(Problem description): For this exercise, an exact copy is needed of only the lines from the one containing "おっ、ここにもお散歩中のワンちゃんがいるよ、" through the end of the data, with pictures left out.

(Records excerpted from a collection)
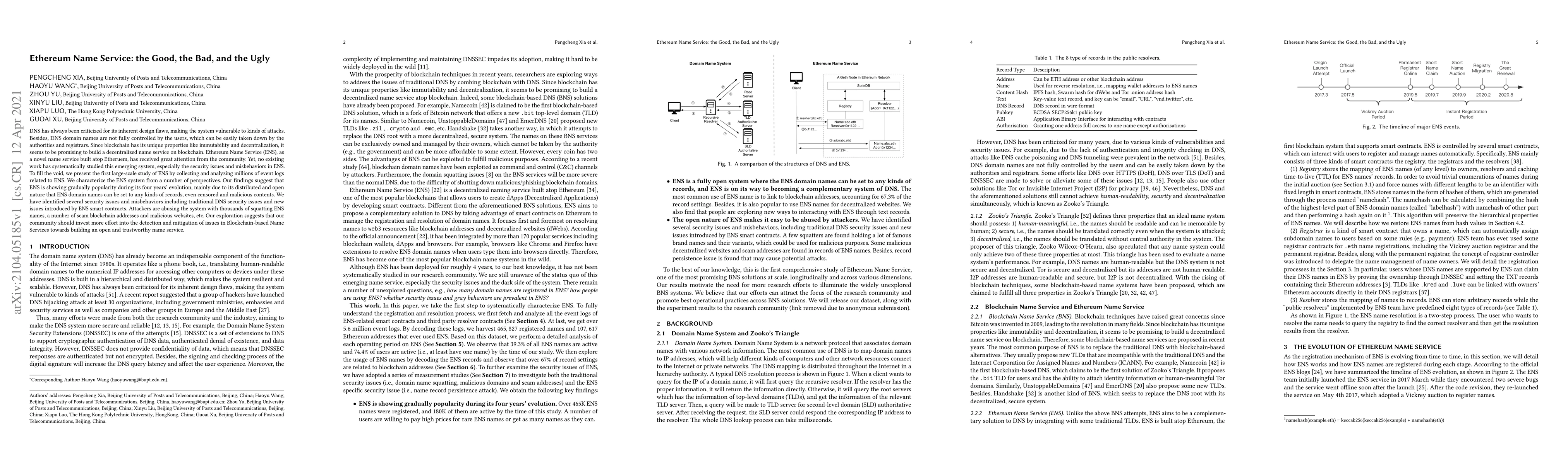 This paper conducts a comprehensive study of Ethereum Name Service (ENS), highlighting its growing popularity due to its decentralized nature. It identifies significant security issues and misbehaviors, including traditional DNS vulnerabilities and new threats from ENS smart contracts, emphasizing the need for enhanced detection and mitigation strategies in blockchain-based name services.
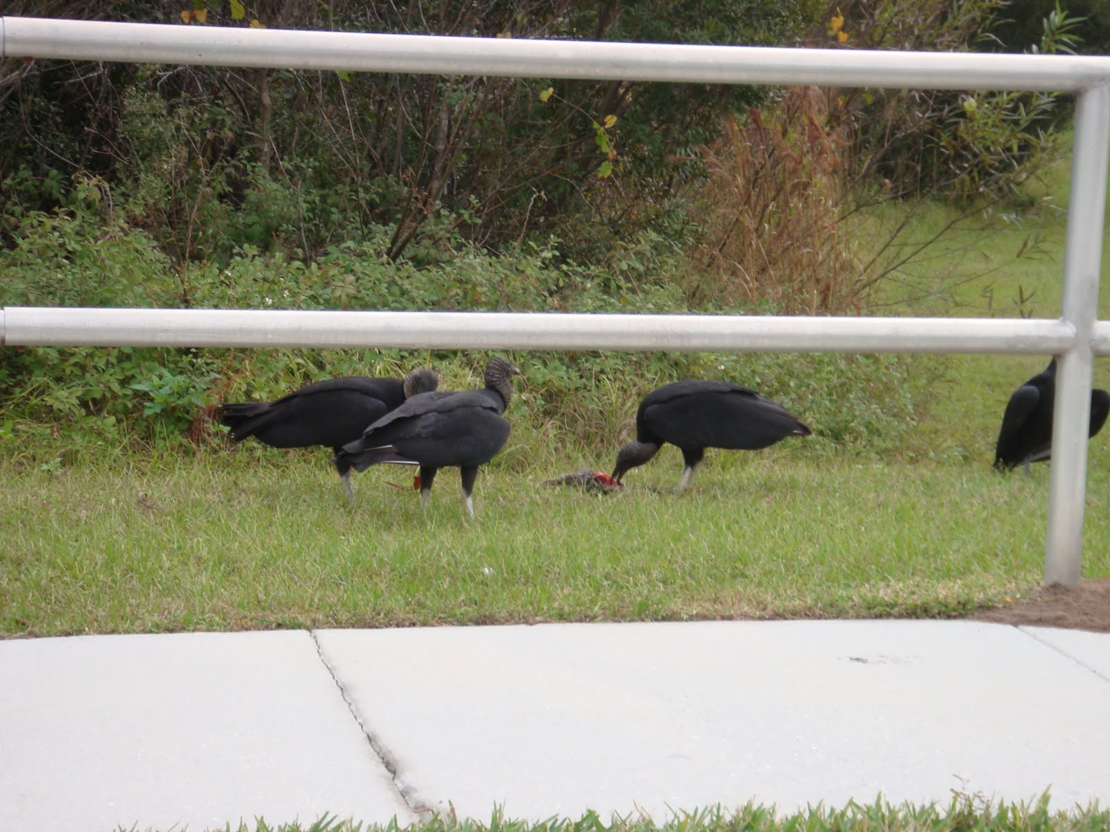 Not something you see every day - what I assume is a pack of Buzzards finishing off something on the grassland. They are pretty large!
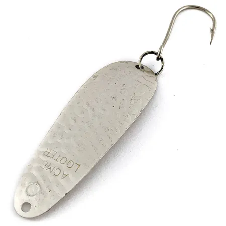 Die gehämmerte Silberoberfläche des 4 g (1/8 oz) schweren Körpers erzeugt eine facettenreiche Reflexion, die beim Schleppfischen das Licht effektiv einfängt. Dieser 6 cm (2 1/4") lange Acme Looter, gekennzeichnet durch den Produktcode 20485, ist ein spezialisierter Blinker, der die schlichte Funktionalität klassischer amerikanischer Metallköder repräsentiert. Die Rückseite ist glatt und mit einer deutlichen Hersteller- und Modellprägung versehen, wobei sich das gesamte Stück in einem hervorragenden Zustand (5/5) präsentiert. Ein Einzelhaken ist über einen stabilen Sprengring am hinteren Ende des tropfenförmigen Körpers befestigt, während die Kopfseite über eine präzise gebohrte Öse zur Schnurbefestigung verfügt.
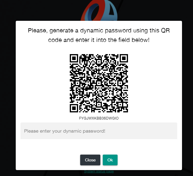 *NOTE: To be able to scan the QR code, you have to install an app on your phone like ''google authenticator'' to scan it and generate a new dynamic password that changes every few seconds.
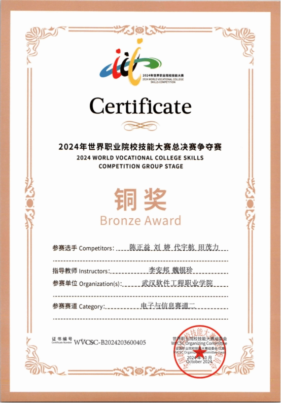 世界职业院校技能大赛 电子与信息赛道二区块链技术应用铜奖
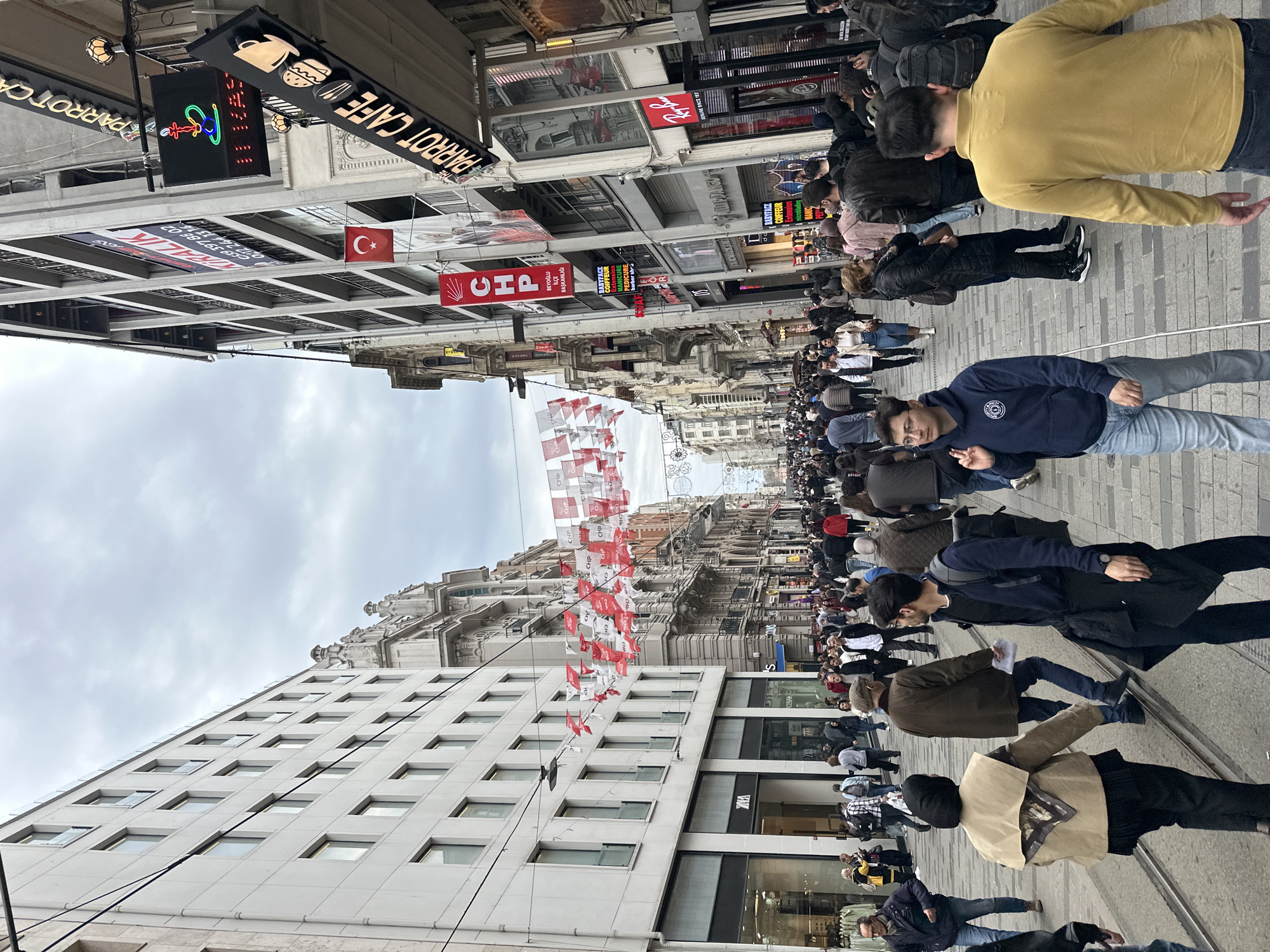 The image displays a bustling pedestrian thoroughfare in Beyoğlu, Turkey, under an overcast sky. The street extends into the distance, lined with buildings. On the left, a modern multi-story building with numerous windows occupies the foreground, featuring a "ZARA" retail store at ground level. Overhead wires, likely for a tram system, stretch across the street. Red and white banners, some displaying "CHP" (a political party), are strung in rows above the crowd. The right side of the street presents a mix of architectural styles, including ornate historic structures and contemporary storefronts. Prominent signage identifies "PARROT CAFE" with neon depictions of a hookah, coffee cup, and burger, and a "Ray-Ban" store. A large vertical banner for "CHP Beyoğlu İlçe Başkanlığı" (CHP Beyoğlu District Presidency) is visible, along with a Turkish flag and a "KIRALIK" (For Rent) sign on an upper floor. The paved street surface features parallel tram tracks. A dense crowd of pedestrians occupies the entire visible length of the street, with individuals walking, standing, and interacting. Most people are dressed in casual outerwear such as jackets, hoodies, and jeans. In the immediate foreground, a person in a beige jacket and black head covering walks away from the camera near the tram tracks. A young man with glasses, wearing a blue hoodie and light-wash jeans, stands centrally, making a hand gesture with his right hand. To the right, another individual in a yellow long-sleeved polo shirt walks away from the camera.
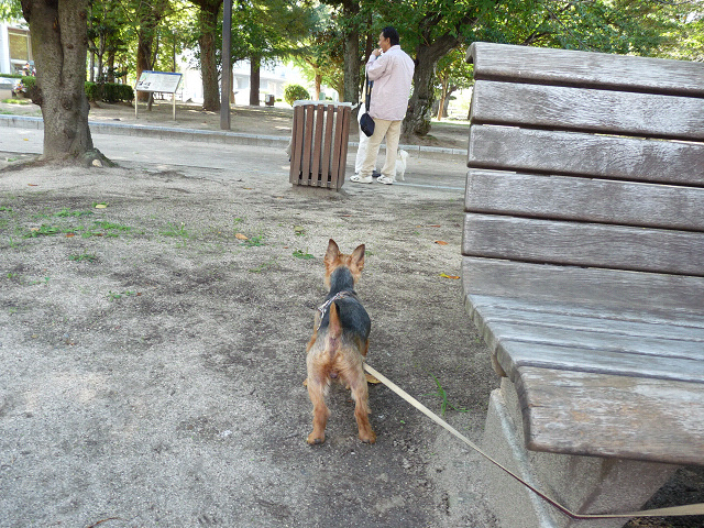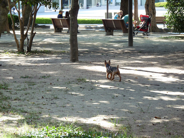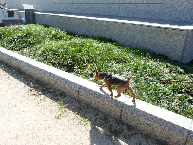 おっ、ここにもお散歩中のワンちゃんがいるよ、
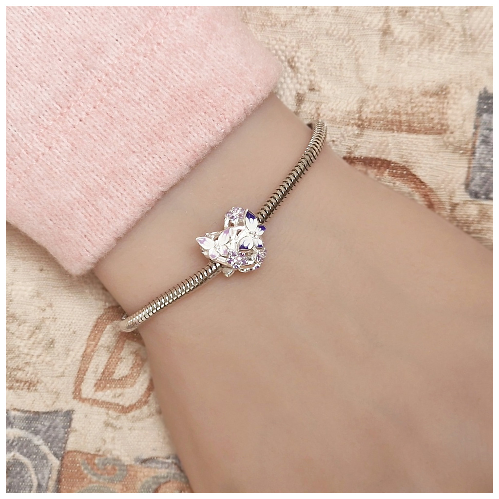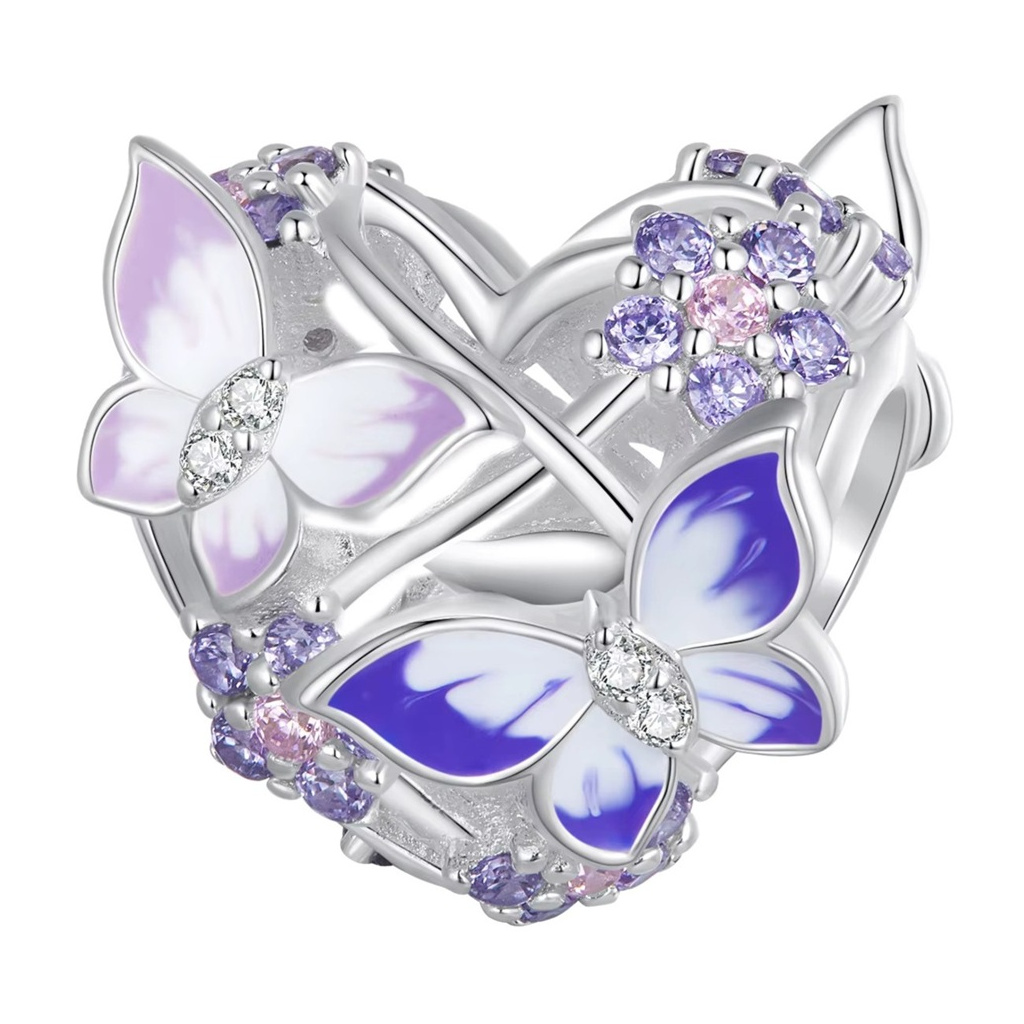 Stříbrný rhodiovaný přívěsek - korálek ozdobený motýly a květy.
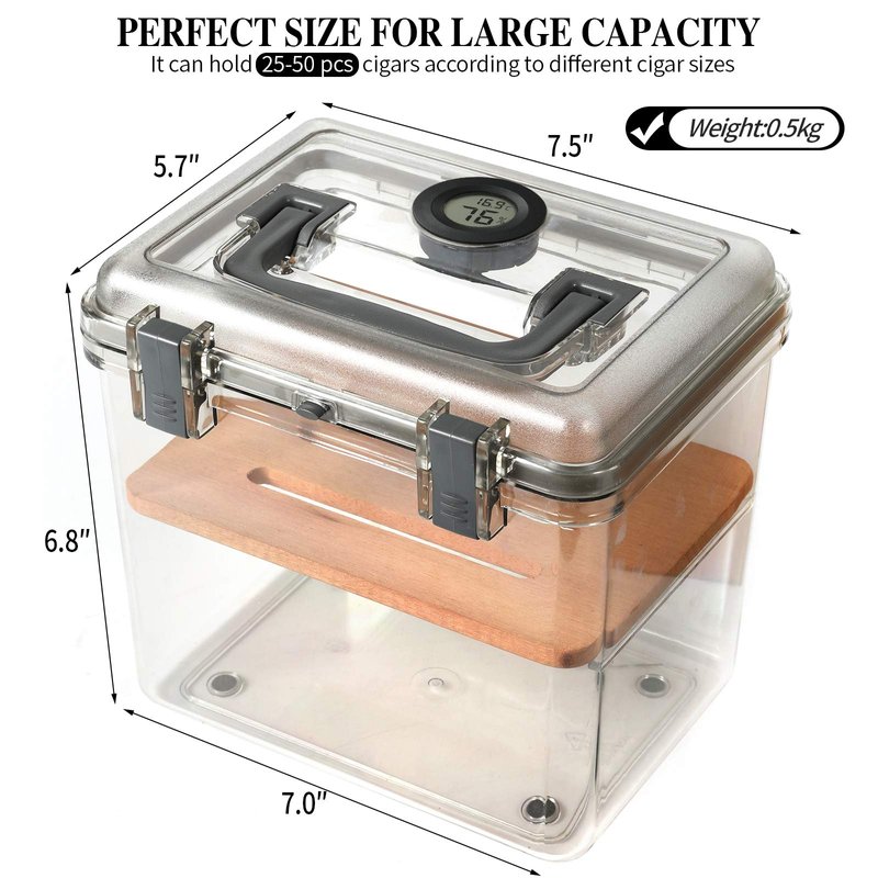Cigar Humidor Box/Case with Humidifier and Hygrometer and Spanish Cedar Planks,Can Hold About 30-50 cigars Acrylic Travel Cigar Humidor Top Cover Digital Hygrometer
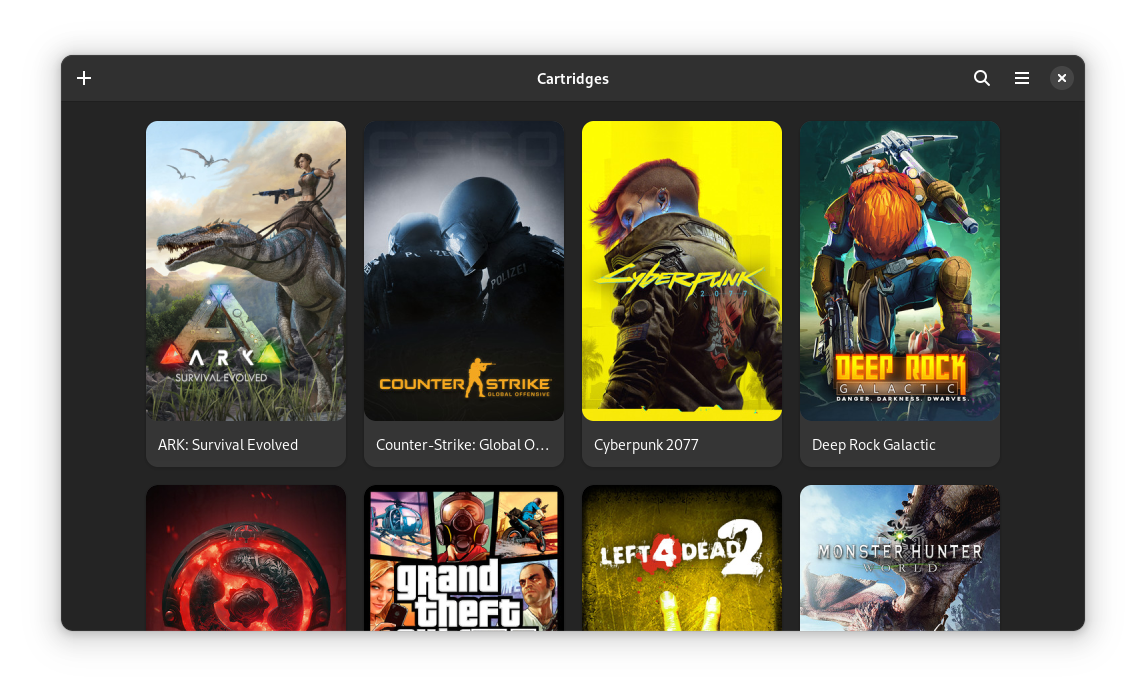 Cartridges is a simple game launcher written in Python using GTK4 and Libadwaita.

(Your response):
 おっ、ここにもお散歩中のワンちゃんがいるよ、
 Stříbrný rhodiovaný přívěsek - korálek ozdobený motýly a květy.
Cigar Humidor Box/Case with Humidifier and Hygrometer and Spanish Cedar Planks,Can Hold About 30-50 cigars Acrylic Travel Cigar Humidor Top Cover Digital Hygrometer
 Cartridges is a simple game launcher written in Python using GTK4 and Libadwaita.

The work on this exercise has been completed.